** AVAILABLE RECORDS follows **

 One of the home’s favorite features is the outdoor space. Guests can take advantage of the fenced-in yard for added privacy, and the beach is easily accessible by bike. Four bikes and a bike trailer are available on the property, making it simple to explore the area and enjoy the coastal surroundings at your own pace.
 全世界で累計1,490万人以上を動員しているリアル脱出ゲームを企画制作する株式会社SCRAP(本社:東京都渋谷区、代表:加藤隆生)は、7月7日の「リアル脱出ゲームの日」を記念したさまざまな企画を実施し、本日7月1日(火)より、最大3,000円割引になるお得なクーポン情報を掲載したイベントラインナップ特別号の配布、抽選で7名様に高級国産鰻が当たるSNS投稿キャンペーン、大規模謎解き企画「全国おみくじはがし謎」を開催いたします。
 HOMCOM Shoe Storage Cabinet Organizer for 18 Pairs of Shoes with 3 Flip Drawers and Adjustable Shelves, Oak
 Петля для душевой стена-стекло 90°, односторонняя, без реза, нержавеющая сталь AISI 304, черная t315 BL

** End of AVAILABLE RECORDS **
** AVAILABLE RECORDS follows **

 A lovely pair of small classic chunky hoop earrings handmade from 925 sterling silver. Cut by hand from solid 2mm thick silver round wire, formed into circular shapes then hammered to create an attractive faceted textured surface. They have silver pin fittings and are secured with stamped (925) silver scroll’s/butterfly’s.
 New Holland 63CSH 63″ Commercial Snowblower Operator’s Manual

** End of AVAILABLE RECORDS **

YOUR TASK -> Filter the listing above down to the lines that contain the word "with".

RESPONSE BOX ->
 HOMCOM Shoe Storage Cabinet Organizer for 18 Pairs of Shoes with 3 Flip Drawers and Adjustable Shelves, Oak
 A lovely pair of small classic chunky hoop earrings handmade from 925 sterling silver. Cut by hand from solid 2mm thick silver round wire, formed into circular shapes then hammered to create an attractive faceted textured surface. They have silver pin fittings and are secured with stamped (925) silver scroll’s/butterfly’s.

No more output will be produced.